» **Material shown**:
----------

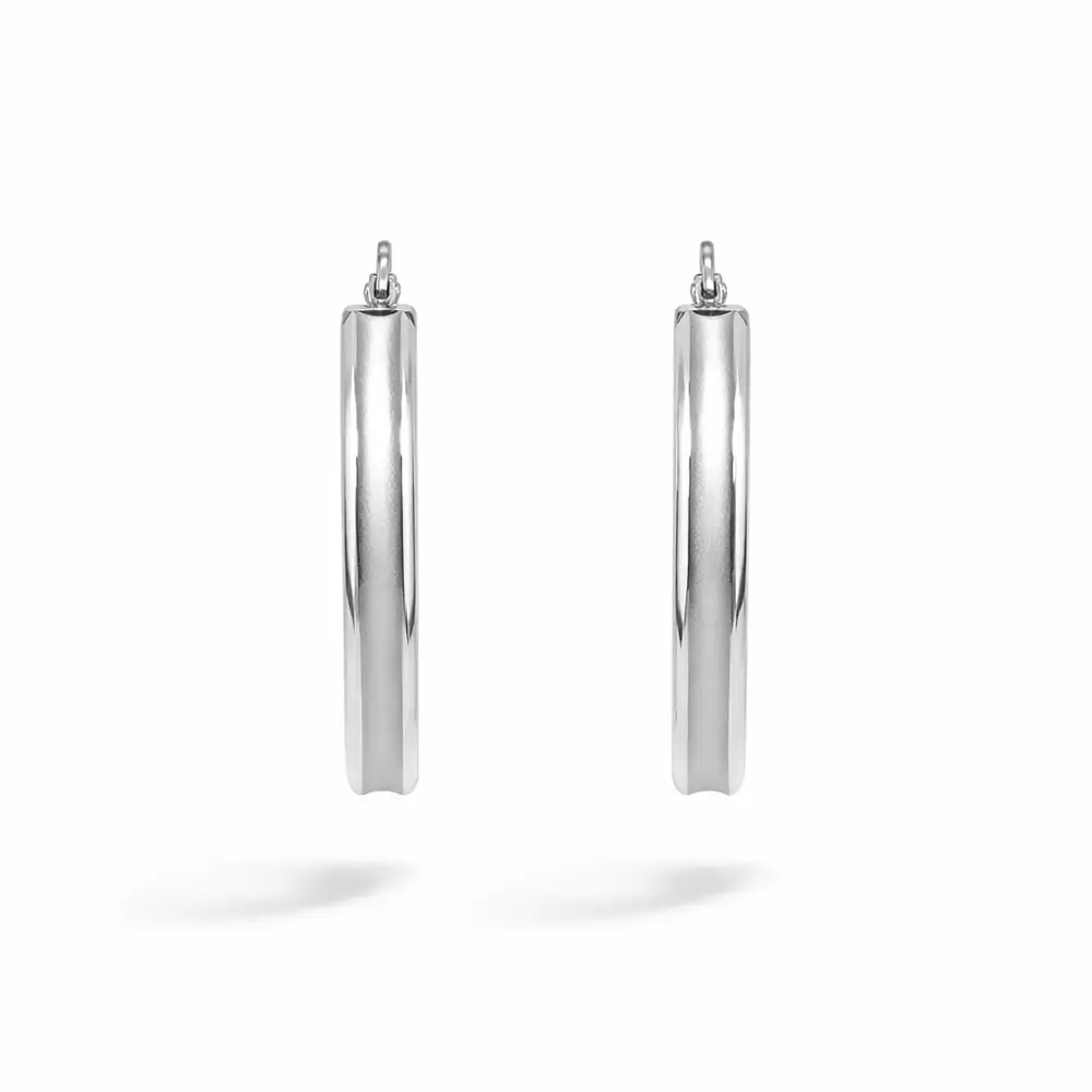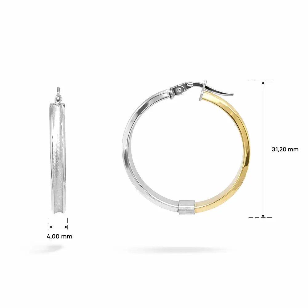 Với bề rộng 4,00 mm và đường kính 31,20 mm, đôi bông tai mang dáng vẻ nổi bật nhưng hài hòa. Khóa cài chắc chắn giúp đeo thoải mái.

----------

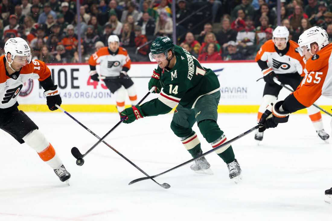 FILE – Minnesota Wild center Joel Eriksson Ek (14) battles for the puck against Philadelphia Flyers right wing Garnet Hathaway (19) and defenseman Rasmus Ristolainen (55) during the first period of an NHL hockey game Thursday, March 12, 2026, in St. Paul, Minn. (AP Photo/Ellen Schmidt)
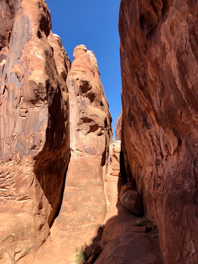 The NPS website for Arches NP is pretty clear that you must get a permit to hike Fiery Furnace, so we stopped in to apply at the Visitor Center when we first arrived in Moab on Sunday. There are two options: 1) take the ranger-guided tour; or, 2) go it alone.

----------

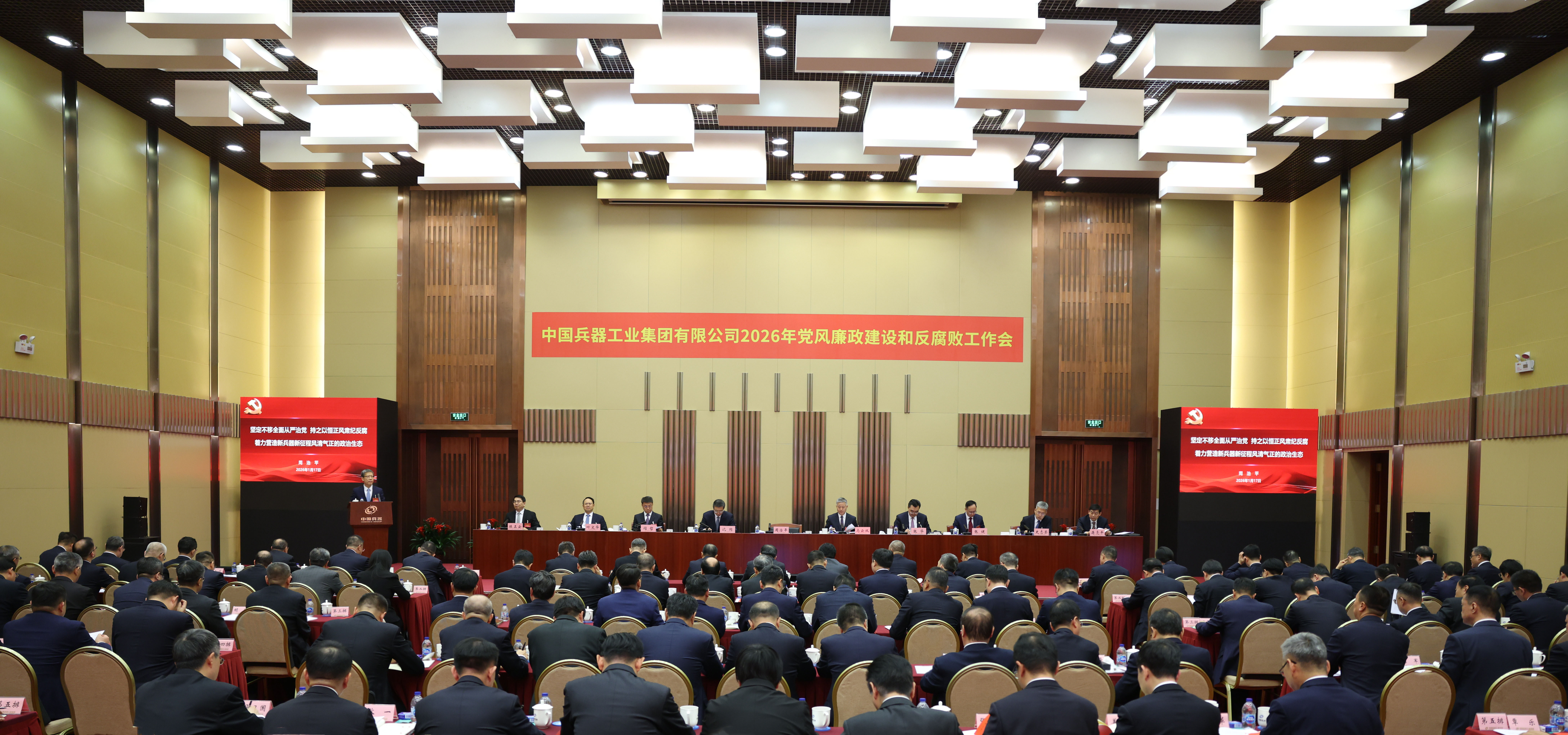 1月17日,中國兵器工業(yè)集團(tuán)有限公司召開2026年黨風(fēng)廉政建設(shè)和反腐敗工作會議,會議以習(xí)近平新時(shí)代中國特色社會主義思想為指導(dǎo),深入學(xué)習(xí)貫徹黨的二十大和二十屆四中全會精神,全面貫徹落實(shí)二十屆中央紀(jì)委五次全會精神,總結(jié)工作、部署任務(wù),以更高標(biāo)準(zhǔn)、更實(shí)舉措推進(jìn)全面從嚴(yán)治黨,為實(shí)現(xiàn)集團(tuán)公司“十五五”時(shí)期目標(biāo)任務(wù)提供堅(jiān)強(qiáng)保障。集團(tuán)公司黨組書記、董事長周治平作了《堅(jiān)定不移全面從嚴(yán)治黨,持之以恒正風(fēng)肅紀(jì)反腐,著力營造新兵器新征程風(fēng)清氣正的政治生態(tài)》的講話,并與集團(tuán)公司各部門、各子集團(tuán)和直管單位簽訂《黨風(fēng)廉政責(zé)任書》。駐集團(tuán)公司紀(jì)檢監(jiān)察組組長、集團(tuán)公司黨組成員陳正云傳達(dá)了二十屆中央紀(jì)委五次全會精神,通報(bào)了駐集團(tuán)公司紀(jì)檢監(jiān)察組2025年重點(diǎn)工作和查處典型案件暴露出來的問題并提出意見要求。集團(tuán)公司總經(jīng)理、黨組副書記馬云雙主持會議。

----------

» **Problem description**:
All that should be printed is the run of lines above from the one with "FILE – Minnesota" through the one with "The NPS website", both included, exactly as given, with pictures left out.

» **The answer**:
 FILE – Minnesota Wild center Joel Eriksson Ek (14) battles for the puck against Philadelphia Flyers right wing Garnet Hathaway (19) and defenseman Rasmus Ristolainen (55) during the first period of an NHL hockey game Thursday, March 12, 2026, in St. Paul, Minn. (AP Photo/Ellen Schmidt)
 The NPS website for Arches NP is pretty clear that you must get a permit to hike Fiery Furnace, so we stopped in to apply at the Visitor Center when we first arrived in Moab on Sunday. There are two options: 1) take the ranger-guided tour; or, 2) go it alone.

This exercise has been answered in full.